L’ouvrage aborde ensuite la formation des acteurs de l’école et la gestion des établissements. Toussaint et Fortier (chapitre 6) concluent à la suite d’une enquête menée auprès de futurs enseignants que si la connaissance des cultures est valorisée, combattre le racisme et autres formes d’oppression ne fait pas partie du discours des répondants (p. 157). Ouellet (chapitre 10) dénonce également le peu d’attention accordée à la diversité dans les programmes de formation en administration scolaire. Martiny (chapitre 11) propose une analyse percutante du rôle clé des conseillers et conseillères d’orientation et dégage les concepts et applications d’une « approche orientante » qui s’inscrit dans une optique de justice sociale.

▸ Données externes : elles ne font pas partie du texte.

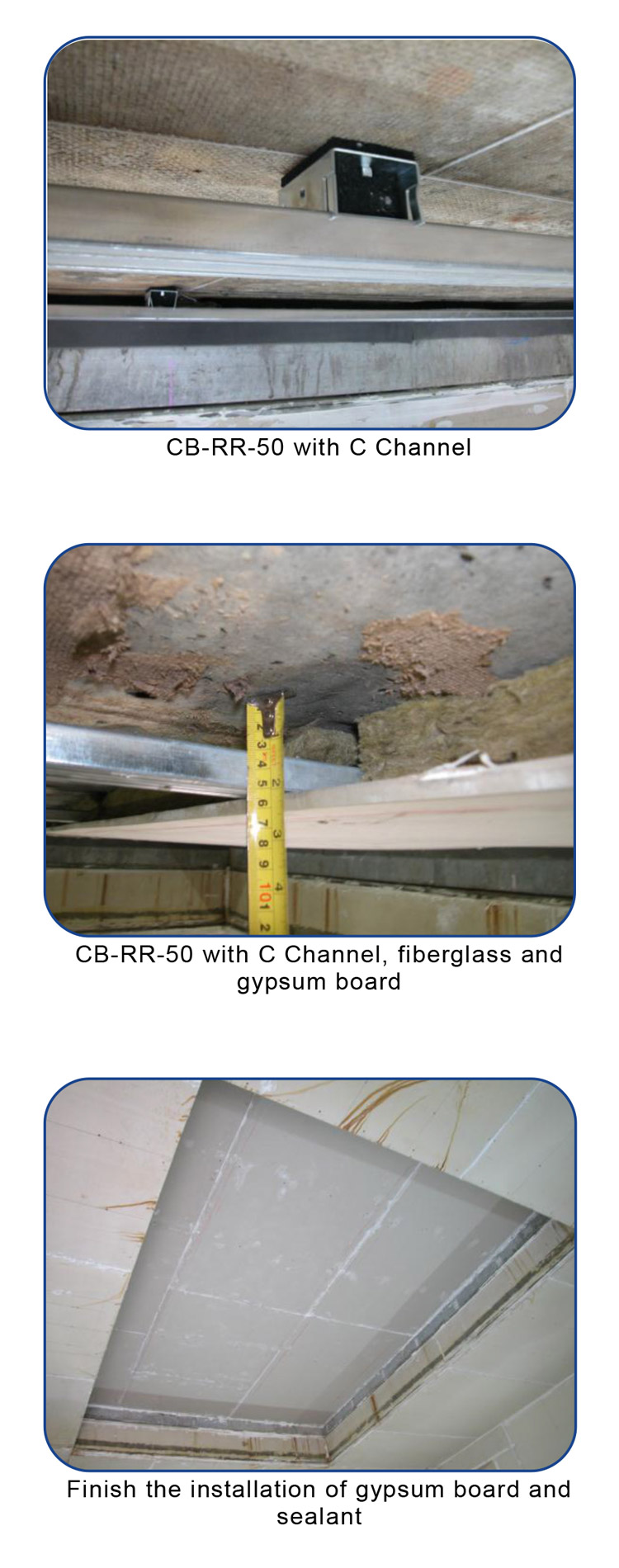 CB-RR-50 are specifically designed for dry type ceiling of gypsum board in wire supported or suspended systems to decouple the structural noise transmission.

De même, l’analyse que propose Bouchard (chapitre 7) sur l’éducation éthique offre une perspective critique sur l’État démocratique et l’arbitraire des normes prescrites. Moisset (chapitre 5) présente les paramètres de l’éducation interculturelle et dégage les dimensions pratiques (leadership, ressources et autonomie) dans la gestion des établissements. Enfin Fortin et Letendre (chapitre 9) font bénéficier d’une étude de cas menée à l’école Liber.

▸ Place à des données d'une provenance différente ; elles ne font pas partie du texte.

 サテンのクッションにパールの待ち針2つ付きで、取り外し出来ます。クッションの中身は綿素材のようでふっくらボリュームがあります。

L’ouvrage dirigé par Toussaint propose des pistes d’analyse liées aux débats actuels en éducation. Il est facile d’accès quoique les descriptions soient parfois très détaillées ou encore datées. Les questions d’approfondissement retrouvées à la fin des chapitres permettent aux lecteurs de mettre en pratique la réflexion amorcée. En ce sens, cet ouvrage peut intéresser les étudiants de 1er cycle, les praticiens et les chercheurs.

L’éducation interculturelle tout comme les débats sur l’école et l’immigration ont fait l’objet d’un grand nombre de publications et guides pédagogiques au Québec tels que Ouellet et Pagé (1991), Ouellet (1995), Gaudet et Lafortune (1997), Lafortune et Gaudet (2000) dans le domaine de l’éducation et McAndrew (2001) et McAndrew et Gagnon (2000) en sociologie. La plupart des ouvrages mettent de l’avant l’importance du vivre-ensemble et le contexte particulier lié à la question nationale au Québec. La direction d’ensemble de cet ouvrage s’inscrit d’emblée dans cette perspective. Il est peu fait mention toutefois des études et débats théoriques qui existent en la matière au Québec, à l’exception de quelques textes plus critiques.

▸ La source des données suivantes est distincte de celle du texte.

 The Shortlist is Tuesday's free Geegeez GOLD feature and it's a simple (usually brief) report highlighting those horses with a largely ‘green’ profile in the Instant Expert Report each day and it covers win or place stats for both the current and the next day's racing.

Enfin, si la lutte contre le racisme est partie intégrante du cadre interculturel (Ouellet, 2002), la notion de pouvoir légitimé par les institutions est encore timide dans la plupart des analyses présentées. Un tel pouvoir « qui va de soi » influence nécessairement les représentations liées à l’élève migrant (à qui on reconnaît ou non des attributs, en fonction de classements hiérarchisés). Derrière les modèles se cachent des formes de domination. Il s’agirait d’interroger davantage ce que Bourdieu nomma L’inconscient d’école (2000) à la lumière des catégories mises de l’avant par le ministère de l’Éducation, des Loisirs et du Sport du Québec tout comme dans les débats publics sur les accommodements raisonnables ou encore dans les rencontres au sein de l’école.